Bizatihi Anayasayı korumak amacıyla kurulan Anayasa Mahkemesi, tartışmalara konu olan davada, anayasa koyucunun iradesini yok sayarak Anayasa’nın 83’üncü maddesindeki atıf nedeniyle somut olaya uygulanması gereken 14’üncü maddesini işlevsiz bırakmıştır.
“AYM ifadeleri hedef gösterici”
Anayasal düzene uymayan bu bakış açısının etkisi ile bazı kararlarda yüksek mahkeme olan Yargıtay ve Danıştay’ın derece mahkemesi olarak nitelendirilmesi, tartışmalara konu olan Şerafettin Can Atalay dosyasında olduğu gibi terör suçlarına bakan ve tamamen yargısal bir görev ifa eden Yargıtay 3. Ceza Dairesinin “88. Anayasa Mahkemesince tespit edilen ihlalin altında yatan sorunları giderme yönünde kamu gücünü kullanan makamlar genel bir yükümlülüğe sahip olmasına karşın Yargıtay 3. Ceza Dairesi, Anayasa Mahkemesi içtihadına aykırı davranmış, benzer ihlalleri önleme yükümlülüğünü yerine getirmemiş; aksine başvurucunun anayasal haklarını -Anayasa’nın parlamentoya verdiği bir yetkiyi kullanarak- daraltıcı bir şekilde yorumlamak suretiyle ihlal etmiştir.” biçimindeki sözlerle anayasayı ihlal suçunu işlediği ithamında bulunularak hedef gösterilmesi gibi son derece vahim, kabul edilemez hukuki hatalar, bireysel başvuru kararlarının vazgeçilmez dili olmuştur.
“Eleştiri sınırlarını aşan haksız tepkiler üzüntüyle karşılanmaktadır”
Yukarıda örneklenerek değinilen Anayasa Mahkemesinin uygulamalarının doğurduğu hukuki sonuçlar gözetilmeksizin, bir yüksek mahkeme olan Yargıtay ve Yargıtay 3. Ceza Dairesinin yargısal görev ve yetkisi kapsamında verdiği kararlara yönelik yüksek yargı kurumlarının saygınlığını zedeleyen ve eleştiri sınırlarını aşan haksız tepkiler üzüntüyle karşılanmaktadır.
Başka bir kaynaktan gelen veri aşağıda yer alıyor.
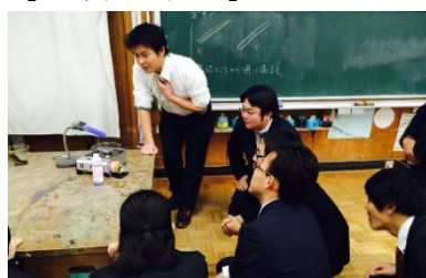
実際に、実験をしながら教材研究を行いました。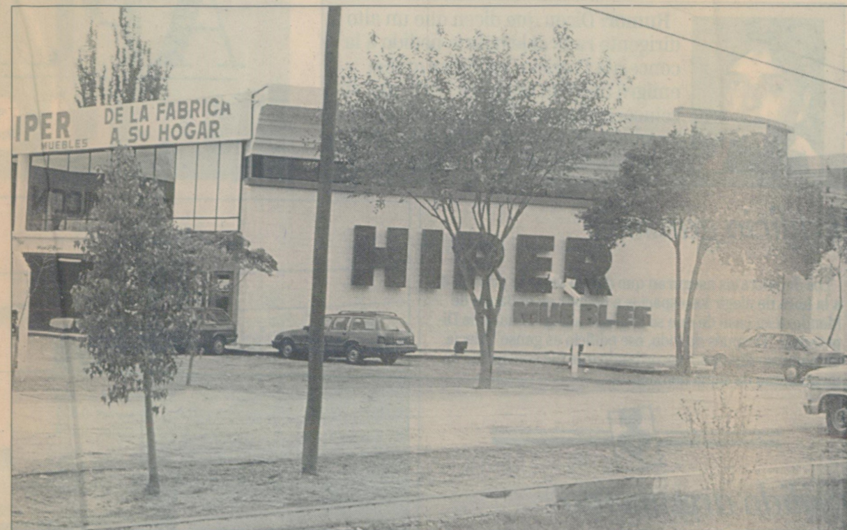
Fachada de la empresa que ocupa una de las naves del complejo Híper inaugurado el viernes.

Híper Muebles se dedica principalmente a la fabricación de muebles para el hogar: dormitorios, comedores, cocinas, placares, incluso petit muebles. Asimismo, a nivel de grandes volúmenes, realizan con diseños especiales, amoblamiento de hoteles,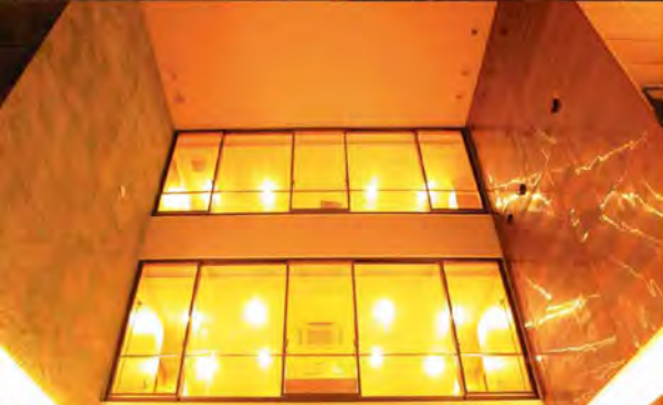
BAY SIDE square KAIKE HOTEL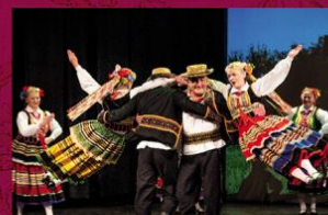
ZPIT ZIEMI KUTNOWSKIEJ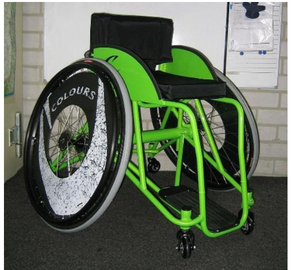
rolstoel voor rolstoelbasketbal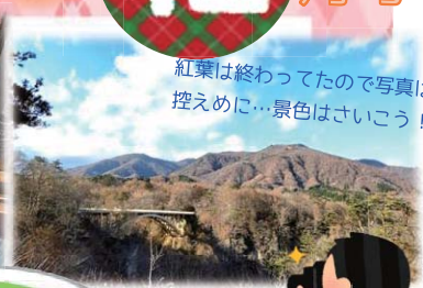
紅葉は終わってたので写真は 控えめに…景色はさいこう！

11月16日（火）、ちょっと紅葉は終わってしまいましたが（'-）鳴子峡へドライブに行ってきました♪普段ここてらす石巻の利用をされている方も参加し、賑やかなドライブとなりました☆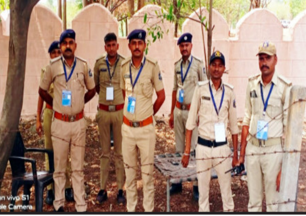
બરાબર ૧૧ વર્ષ બાદ વડાપ્રધાન નરેન્દ્રભાઈ મોદીના મુલાકાતને લઈ એલર્ટ તંત્ર કામે લાગી ગયું છે અને જિલ્લાની પ્રજામાં પણ વડાપ્રધાનની મુલાકાતને લઈને અનેરો ઉત્સાહ તેમ જ ધનગનાટ જોવા મળી રહ્યો છે. ઉદ્દેશનીય છે કે, તારીખ ૧૮ ના રોજ વડાપ્રધાન નરેન્દ્રભાઈ મોદી સૌપ્રથમ પાવાગઢ ખાતે મહાકાળી માતાના મંદિરે ધ્વજરોહણ કરી ત્યારબાદ વિરાસત વનની મુલાકાત લેશે અને ત્યાર પછી વડાપ્રધાન નરેન્દ્રભાઈ મોદી વડોદરા ખાતે જનાર હોવાનું જાણવા મળ્યું છે.

ગો ધરા, વડાપ્રધાન નરેન્દ્ર મોદીની મુલાકાત ને લઈ પાવાગઢ તથા વિરાસત વન ખાતે તડામાર તૈયારીઓ શરૂ કરી દેવામાં આવી છે. ગુજરાતના પત્રો અને ભારતના ચશસ્વી વડાપ્રધાન નરેન્દ્રભાઈ મોદી આગામી ૧૮ જૂનના રોજ પંચમહાલ જિલ્લાની મુલાકાતે આવી રહ્યા છે અને તેમાં પણ ખાસ કરીને વડાપ્રધાન શ્રી પાવાગઢ ખાતે મહાકાળી માતાનું મંદિરનો ધ્વજરોહણ પોતાના હસ્તે કરવાના હોવાથી પાવાગઢ મહાકાળી માતાના મંદિરે તેમજ સમગ્ર વિસ્તારમાં વડાપ્રધાનની મુલાકાતને લઈને તડામાર તૈયારીઓ ચાલુ કરી દેવામાં આવી છે. મહાકાળી ધામની મુલાકાત બાદ વડાપ્રધાન નરેન્દ્રભાઈ મોદી વિરાસત વનની પણ મુલાકાત લેવાના છે. ઉદ્દેશનીય છે કે, ૨૦૧૧માં નરેન્દ્ર ભાઈ મોદી ગુજરાતના મુખ્યમંત્રી હતા. ત્યારે તેઓના હસ્તે જ વિરાસત વનનું પાવાગઢ નજીક લોકાર્પણ કરવામાં આવ્યું હતું. જેના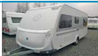
Knaus S dwind 590 FUS 0 24.990 2013, Scandinavian Edition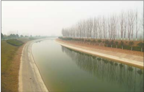
输送长江水的济平干渠,长江水也有望成为省城东部城区饮用水源。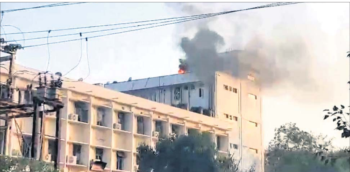
ଲୋକ ସେବା ଭବନର ଆନେକ ବିଲ୍ଡିଂ ପାର୍ଶ୍ୱ କୋଠାର ୫ମ ମହଲା ଛାତ ଉପରେ ମଙ୍ଗଳକାର ଅପରାହ୍ନରେ ଲାଗିଥିବା ନିଆଁ।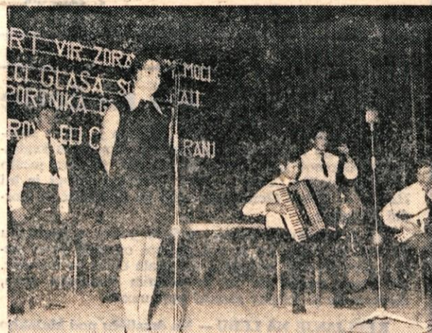
Veseli trgovci s pevko Bogatajevo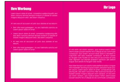
Beispiel Werbeanzeige vor jedem Kalendermonat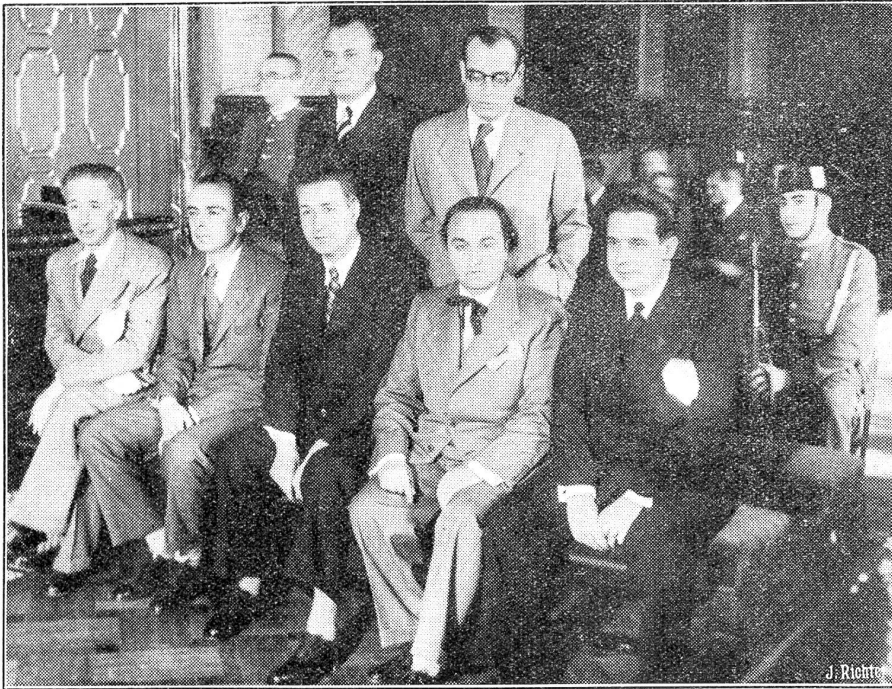
Die Führer der separatistischen Rebellion Cataloniens auf der Anklagebank.

In Madrid begann dieser Tage vor dem Obersten Gerichtshof der Prozess gegen die catalonischen Separatistenführer, die im Oktober 1934 die Unabhängigkeit Cataloniens erklärt hatten. Bekanntlich wurde dieser Aufstand von den spanischen Truppen niedergeschlagen. Unser Bild zeigt den Haupttrüffelsführer, den Expräsidenten von Catalonien M. Companys (links), neben ihm seine Mitverschworenen.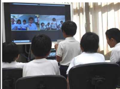
【2年生「ぼくが好きなものは」】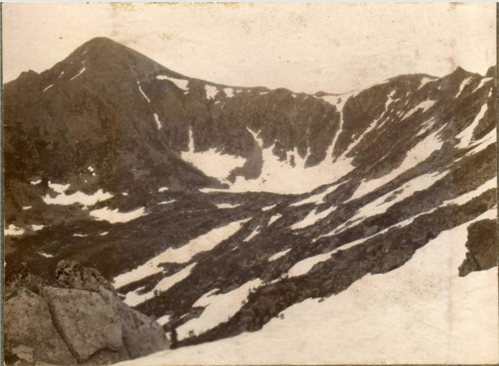
4. Истоки р. Зайки. Хр. Козя.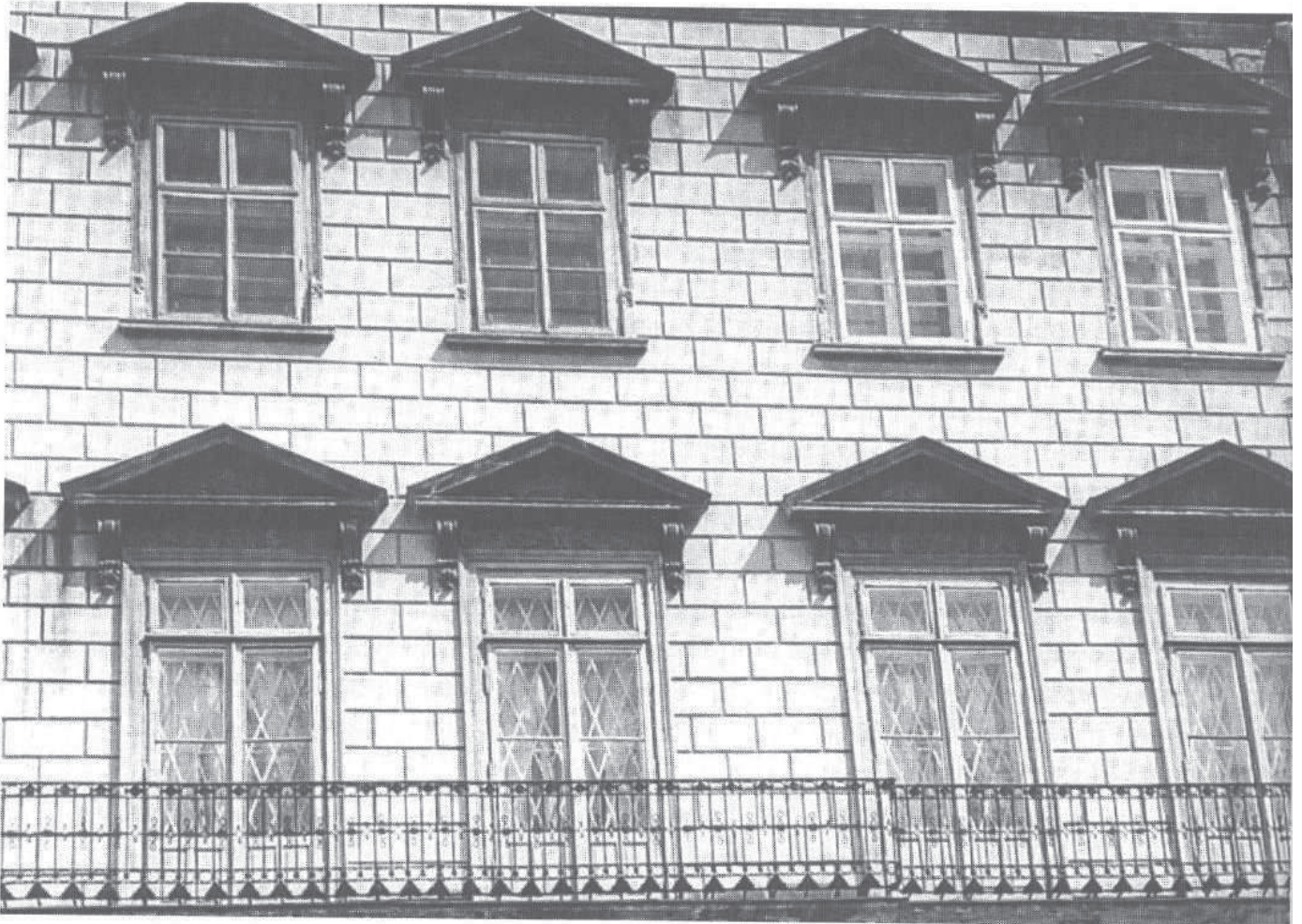
Widok fragmentu frontu kamienicy królewskiej we Lwowie.

Paterna Krolowey Jeym. zapłaconych comportować y copmensować będzie ex Materna Substantia. Wzajemnie także Nayiasnieyszemu Krlc o wi Im Akexandrowi Dway Nayiasnieysi Krlcowie Ichmc ex amicabili mediatione Maiętnosc Podhorecką Z Pałacem pro Sortibus suis wiecznemi czasy daią daruią y Onę w Dział Krlc o a Im. Alexandra ze Wszystkim odstepuią tak iako samym nalezec miała abo mogła.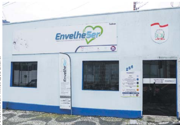
O EnvelheSer funciona de segunda a sexta-feira, em horário comercial, na Rua Manuel Bonifácio, 256, no centro da cidade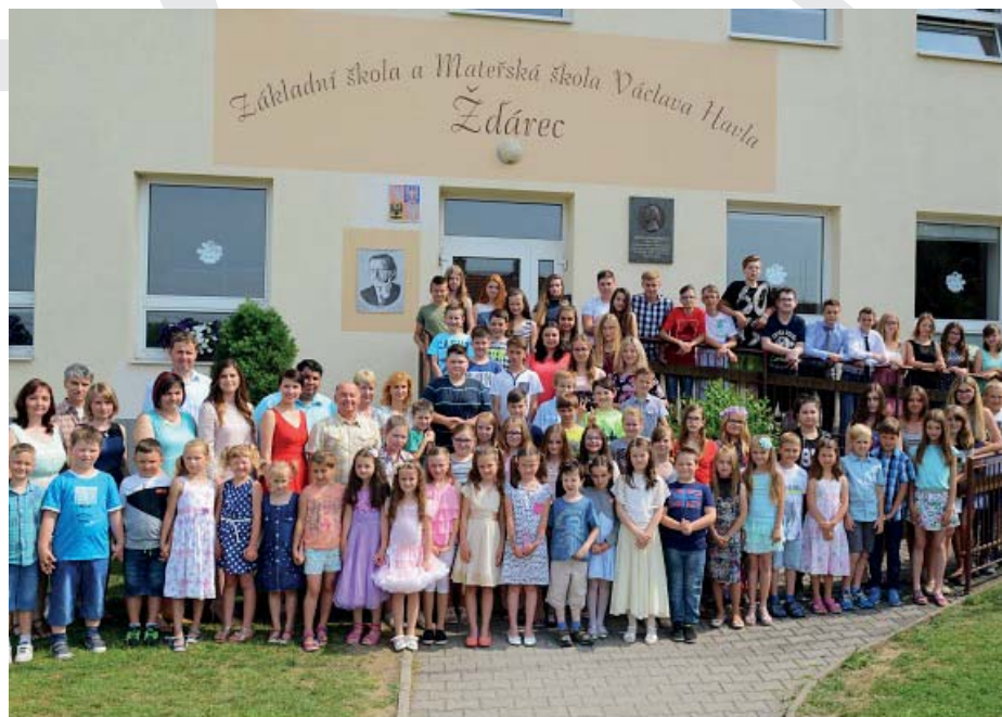
Základní škola Václava Havla Žďárec 2017 - 2018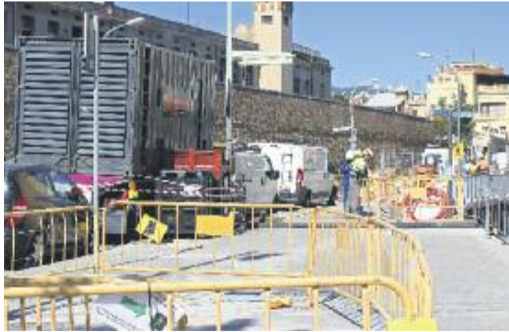
El mercat provisional s'està construint a prop de l'antic.

La reforma del Mercat de Sant Andreu suposarà l'enderroc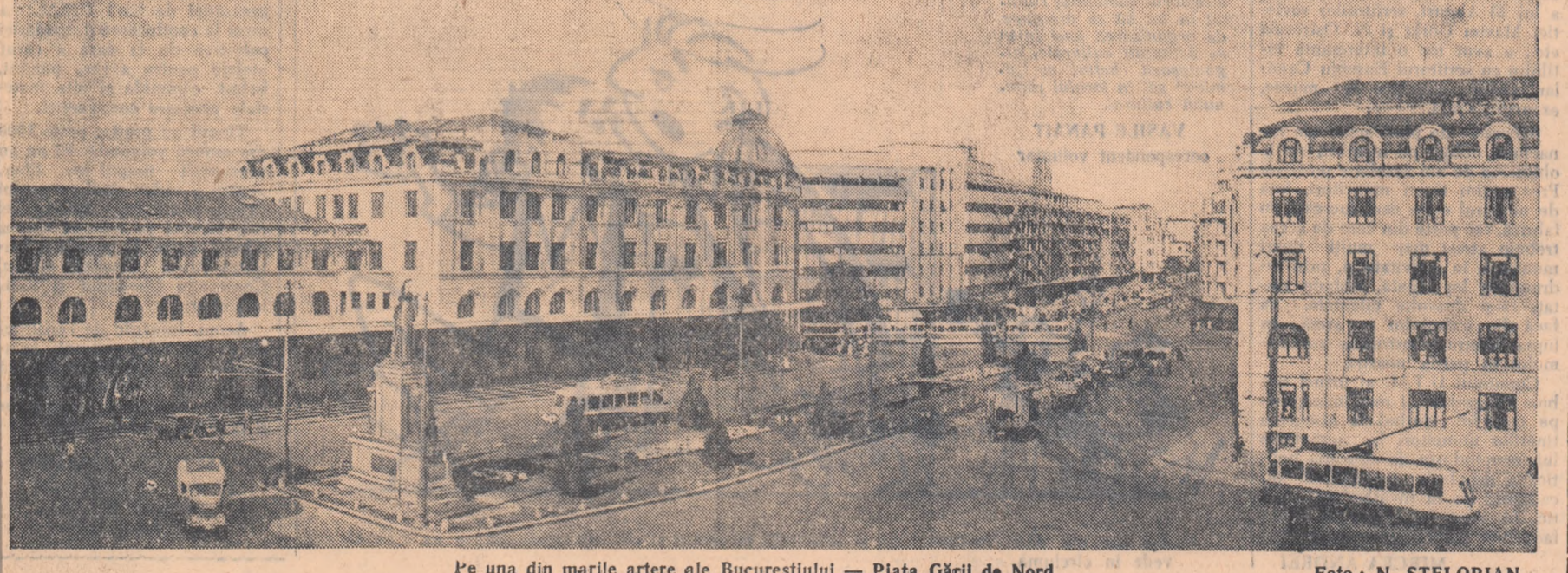
Pe una din marile artere ale Bucureștilor — Piața Gărilor de Nord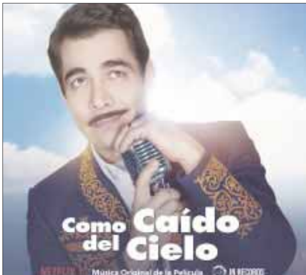
Omar Chaparro ha cautivado al público al interpretar a Pedro Infante.

El álbum recopila una exquisita selección de los mejores clásicos del ídolo Pedro Infante, entre los que encontraremos canciones como: “Amorcito corazón”, “Bésame mucho”, “Yo no fui” y otros éxitos del legendario cantante. Esta producción también trae un tema inédito llamado “De Que Me Sirve El Cielo” una poderosa y apasionante canción escrita por Jorge Avendaño y Omar Chaparro especialmente para la película, de la cual será el tema principal.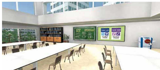
2階の自習スペース

※テスト前のモチベーションアップなどに効果的（効果は気持ちの問題で個人差がある）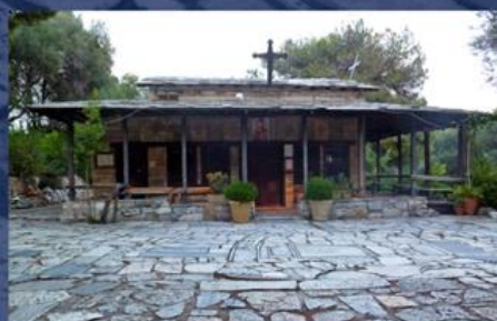
Церковь Святого Димитриса Лумбардиариса в Афинах, 1951 г.

Православие стало для Пикиониса главным источником вдохновения. Несмотря на то что семья и работа отнимали много времени, он посвящал Богу все свободное время. Ночи великий архитектор проводил в изучении «Добротолубия», писаний святых отцов и молитве. «Пикионис был новым Иоанном Лествичником, смиренным отшельником и мыслителем, воплощавшим свои духовные прозрения в архитектурные формы», – писал о нем один из современников.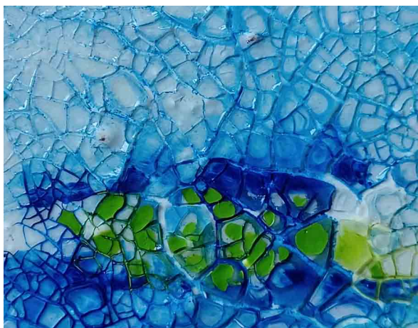
Arbeitsprobe auf HDF in mixed Media | 2022 (Barbara Wokurka)

Ihr Galerie- und Ausstellungsbereich wird für 3 Tage zur offenen Studienwerkstatt. Die Akteurinnen lassen sich beim Entstehen ihrer Werke über die Schulter schauen und die Betrachterinnen und Betrachter am Prozess teilnehmen. Die Einblicke in den vielschichtigen Arbeitsprozess werfen Fragen auf und die Künstlerinnen geben Ihren Besucherinnen und Besuchern die Möglichkeit zum persönlichen Austausch.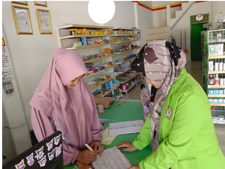
Lampiran 3. Wawancara dan Observasi di Koperasi Pondok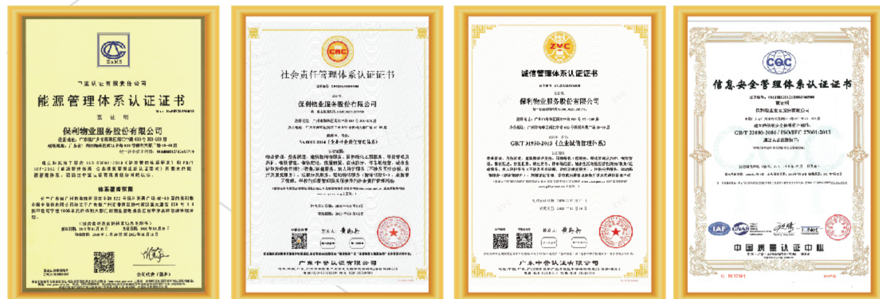
能源管理体系证书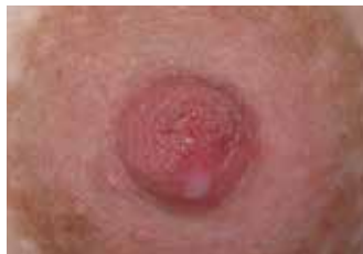
DESPUÉS DE 1 DÍA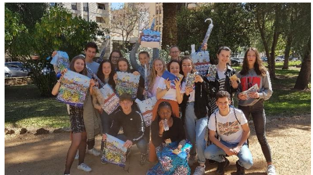
Les gagnants du jeu de piste de Badajoz

Hukuki güvenliğin, toplumsal barışın ve hukuki öngörülebilirliğin sağlanması bakımından Anayasa’dan aldığı yetkiyle Yargıtay, bireysel başvurunun mevcut haliyle uygulanmasının doğurduğu sorunların giderilmesi ve karşılaştırmalı hukukta kabul edilen standartlara göre geliştirilmesi konusunda ihtiyaç duyulan, anayasal ve yasal çalışmalarda gerekli desteği sağlamaya her zaman hazırdır.